Tuesday 26 July 2011

Sweet Vallée High

La Vallée Blanche – Byres Rd, Glasgow

A work night out courtesy of the boss took me to La Vallée Blanche last week, thankfully unlike some other work nights out I can actually remember the meal!

La Vallée Blanche is one of my top ten restaurants in Glasgow, I’ve never had anything less than a great meal there and last Friday was no exception.  It’s a pretty restaurant done in a chalet style with lots of wood, warm colours and twinkling tea lights.  Service is always efficient and the staff are especially knowledgeable about the food and wine.

We arrived early for the reasonable pre theatre deal priced at £13.95 for two courses or £16.95 for three.  The pre theatre menu isn’t very long but it does hit the right notes, a few veggie dishes, a few staples and a few surprises, but I would suggest checking the menu online before you go because if it’s not your cup of tea and you stray into a la carte territory your wallet will know about it.
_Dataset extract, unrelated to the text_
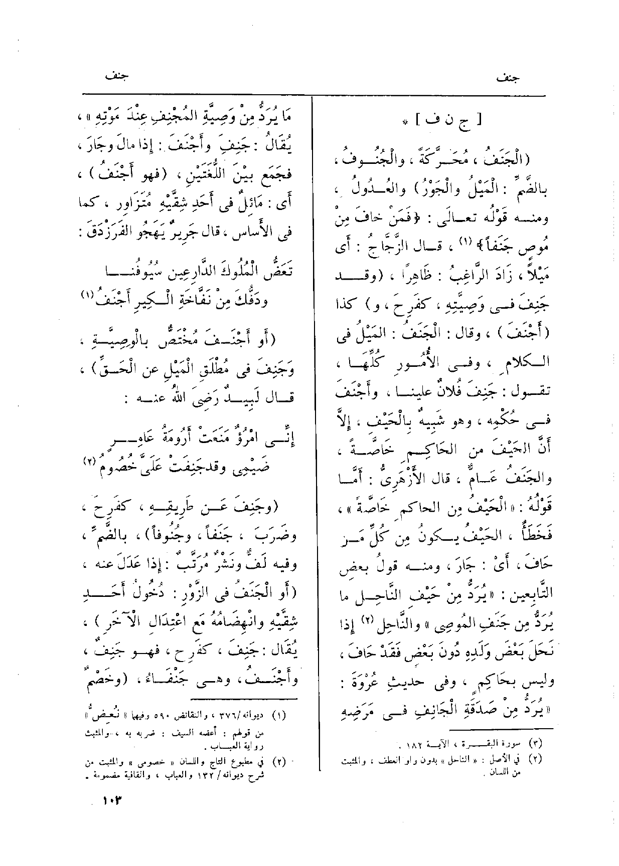 ) الْجَنَفُ، مُحَرَّكَةً، والْجُنُوفُ، بِالضَّمِّ: الْمَيْلُ والْجَوْرُ والعُدُولُ، وَمِنْه قَوْلُه تعالَى:) فَمَنْ خافَ مِنْ مُوصٍ جَنَفاً، قَالَ الزَّجَّاجُ: أَي مَيْلاً، زَادَ الرَّاغِبُ: ظَاهِراً، وَقد جَنِفَ فِي وَصِيَّتِهِ، كفَرِحَ، وَكَذَا أجْنَفَ، وَقَالَ: الْجَنَفُ: المَيْلُ فِي الكلامِ، وَفِي الأُمُورِ كُلِّهَا، تَقول: جَنِفَ فُلانٌ علينا، وأجْنَفَ فِي حُكْمِه، وَهُوَ شَبِيهٌ بِالْحَيْفِ، إِلا أَنَّ الحَيْفَ من الحَاكِمِ خَاصَّةً، والجَنَفُ عَامٌّ، قَالَ الأًزْهَرِيُّ: أَمَّا قَوْلُهُ:) الْحَيْفُ مِن الحاكمِ خَاصَّةً (، فَخَطَأٌ، الحَيْفُ يكونُ مِن كُلِّ مِن حَافَ، أَيْ: جَارَ، وَمِنْه قولُ بعضِ التَّابِعين:) يُرَدُّ مِنْ حَيْفِ النَّاحِل مَا يُرَدُّ مِن جَنَفِ المُوصِي (والنَّاحِل إِذا نَحَلَ بَعْضَ وَلَدِهِ دُونَ بَعْضٍ فَقَدْ حَافَ، وَلَيْسَ بحَاكِمٍ، وَفِي حديثِ عُرْوَةَ:) يُرَدُّ مِنْ صَدَقَةِ الْجَانِفِ فِي مَرَضِهِ مَا يُرَدُّ مِنْ وَصِيَّةِ المُجْنِفِ عِنْدَ مَوْتِهِ (، يُقَالُ: جَنِفَ وأَجْنَفَ: إِذا مالَ وجَارَ، فجَمَع بيْنَ اللُّغَتَيْنِ، فَهُوَ أَجْنَفُ، أَي: مَائِلٌ فِي أَحَدِ شِقَّيْهِ مُتَزَاوِر، كَمَا فِي الأَساس، قَالَ جَرِيرٌ يَهَجُوا الفَرَزْدَقَ:

For a starter I decided on the potted chicken with lemon, thyme and parsley and it was utterly delicious.  A cute little pot filled with succulent, herby chicken was elevated by a serious lemony hit which made the flavours sing, accompanied with cornichons and good bread it was the best starter I’ve had for ages.  My fellow diners were equally impressed by the spring pea soup and the cured salmon which were both beautifully presented.




I opted for the classic steak frites main course, the steak was cooked and seasoned to perfection and topped off with crispy fries it hit all the right notes.  The pork chop with Arran mustard sauce was proclaimed delicious as was the pretty sorrel risotto.




The portions are perfectly proportioned so there was room for dessert, a supplement applies to the cheeseboard but the quality of the cheese makes it worthwhile.  The best pud on the table was the blood orange parfait with nut tuille and orange jelly, it tasted as good as it looked and as you can see it looked wonderful.  The only slight disappointment of the meal was the rhubarb crumble with honey oats which was too sweet and a bit sloppy compared to the presentation afforded to most dishes.





The quality of the cooking makes the pre theatre a brilliant deal, the a la carte menu has some fabulous dishes on it but the price makes it more of a special occasion choice.  The wine can also work out expensive regardless of when you eat but the selection is good and abundant with classic French heavyweights that are worth splashing out on.